[THE RECORDS — start]

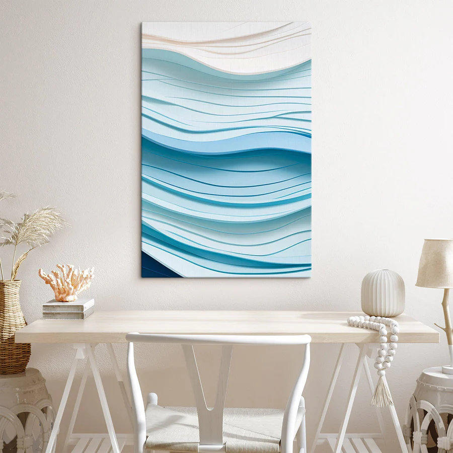 Imaginați-vă că pășiți într-o cameră în care valurile oceanului par să curgă direct de pe perete. Această imprimare pe pânză, cu minunatele sale linii ondulate albastre și albe, creează o atmosferă calmă care vă șoptește "relaxați-vă" de fiecare dată când treceți pe acolo. Este ca și cum ai aduce o bucată din marea senină chiar în casa ta - fără nisipul din pantofi. Perfectă pentru iubitorii de plajă sau pentru oricine are nevoie de un strop de liniște, această operă de artă poate transforma un spațiu plictisitor într-o evadare răcoroasă. Fie că se află deasupra unei canapele confortabile sau într-un colț de lectură liniștit, va stârni visuri cu ochii deschiși despre briza oceanului și zilele însorite. Scufundați-vă în decorul care vă face să vă simțiți ca în vacanță, chiar și atunci când doar vă relaxați acasă!
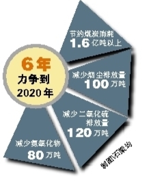 此次计划实施期为2015至2020年,力争到2020年,节约煤炭消耗1.6亿吨以上,减少烟尘排放量100万吨、二氧化硫排放量120万吨、氮氧化物80万吨。
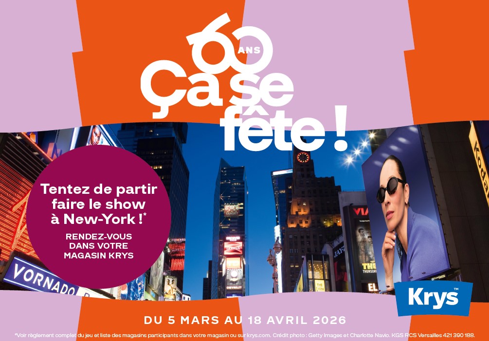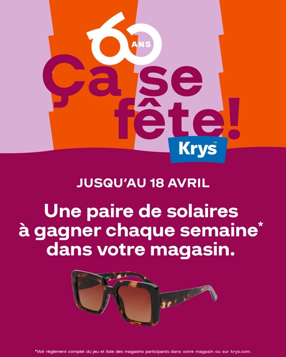 Pour cet anniversaire exceptionnel, les équipes Krys Colomiers et Krys Tournefeuille vous font gagner des cadeaux ! Du 5 mars au 18 avril, remplissez un bulletin de jeu en magasin. Chaque samedi de cette période, un tirage au sort est effectué en magasin avec à chaque fois une paire de solaires à gagner ! Lors de votre participation, vous pouvez également jouer en ligne pour un grand concours national avec un voyage à New York à gagner !
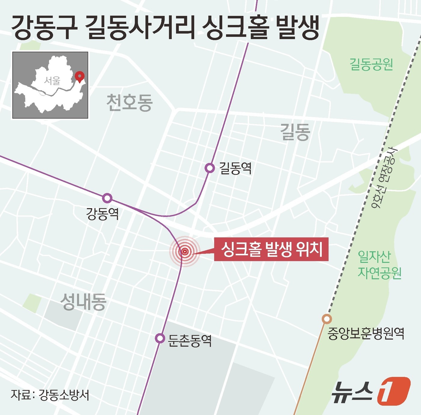 (서울=뉴스1) 김지영 디자이너 = 30일 오후 3시 23분쯤 서울 강동구 둔촌동역 인근 도로에 땅 꺼짐(싱크홀) 현상이 발생했다. 서울강동소방서에 따르면 인명 피해는 발생하지 않았으며, 현재 안전조치 중이다.
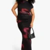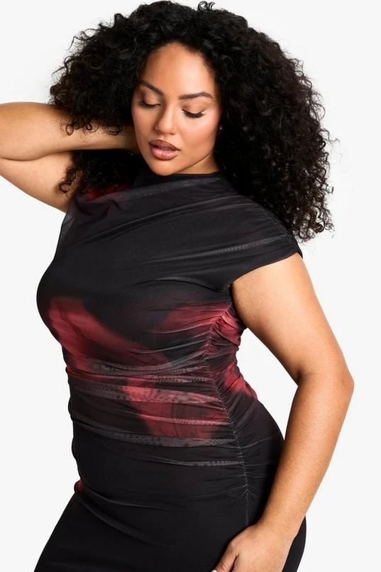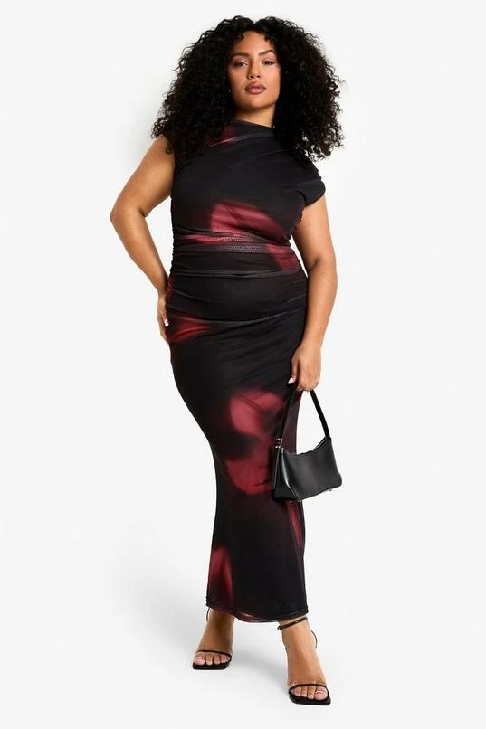 BOOHOO Plus Floral Mesh Rouched Maxi Dress
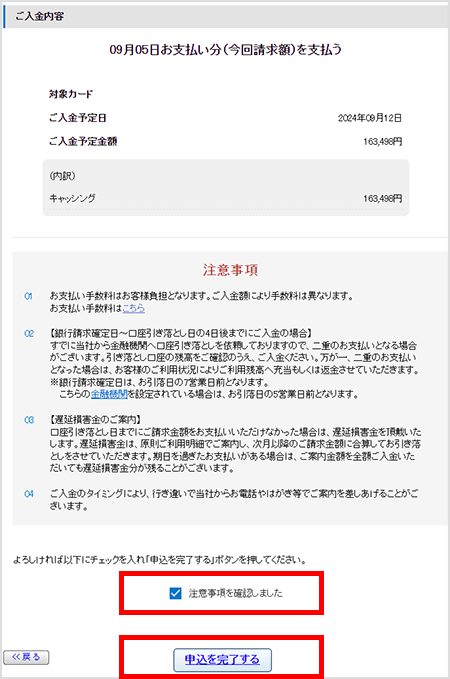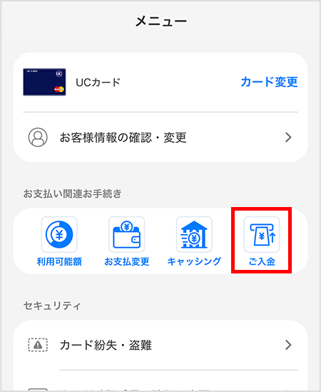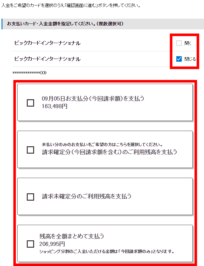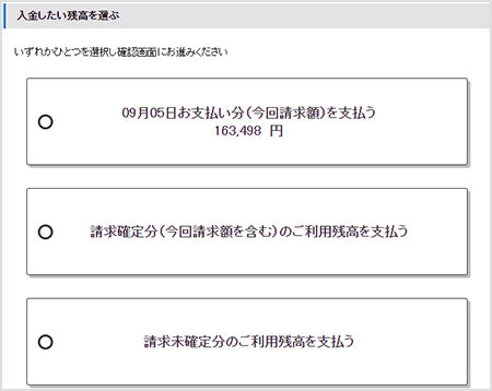 - ・ご入金後も引き続きカードのご利用が制限される場合や、クレジットカードの会員資格を取消させていただく場合もございますので、ご注意ください。

[THE RECORDS — finish]

**EXERCISE OBJECTIVE**
Exactly as written, return each line above and leave the pictures behind.

**WRITTEN SOLUTION**
 Imaginați-vă că pășiți într-o cameră în care valurile oceanului par să curgă direct de pe perete. Această imprimare pe pânză, cu minunatele sale linii ondulate albastre și albe, creează o atmosferă calmă care vă șoptește "relaxați-vă" de fiecare dată când treceți pe acolo. Este ca și cum ai aduce o bucată din marea senină chiar în casa ta - fără nisipul din pantofi. Perfectă pentru iubitorii de plajă sau pentru oricine are nevoie de un strop de liniște, această operă de artă poate transforma un spațiu plictisitor într-o evadare răcoroasă. Fie că se află deasupra unei canapele confortabile sau într-un colț de lectură liniștit, va stârni visuri cu ochii deschiși despre briza oceanului și zilele însorite. Scufundați-vă în decorul care vă face să vă simțiți ca în vacanță, chiar și atunci când doar vă relaxați acasă!
 此次计划实施期为2015至2020年,力争到2020年,节约煤炭消耗1.6亿吨以上,减少烟尘排放量100万吨、二氧化硫排放量120万吨、氮氧化物80万吨。
 Pour cet anniversaire exceptionnel, les équipes Krys Colomiers et Krys Tournefeuille vous font gagner des cadeaux ! Du 5 mars au 18 avril, remplissez un bulletin de jeu en magasin. Chaque samedi de cette période, un tirage au sort est effectué en magasin avec à chaque fois une paire de solaires à gagner ! Lors de votre participation, vous pouvez également jouer en ligne pour un grand concours national avec un voyage à New York à gagner !
 (서울=뉴스1) 김지영 디자이너 = 30일 오후 3시 23분쯤 서울 강동구 둔촌동역 인근 도로에 땅 꺼짐(싱크홀) 현상이 발생했다. 서울강동소방서에 따르면 인명 피해는 발생하지 않았으며, 현재 안전조치 중이다.
 BOOHOO Plus Floral Mesh Rouched Maxi Dress
 - ・ご入金後も引き続きカードのご利用が制限される場合や、クレジットカードの会員資格を取消させていただく場合もございますので、ご注意ください。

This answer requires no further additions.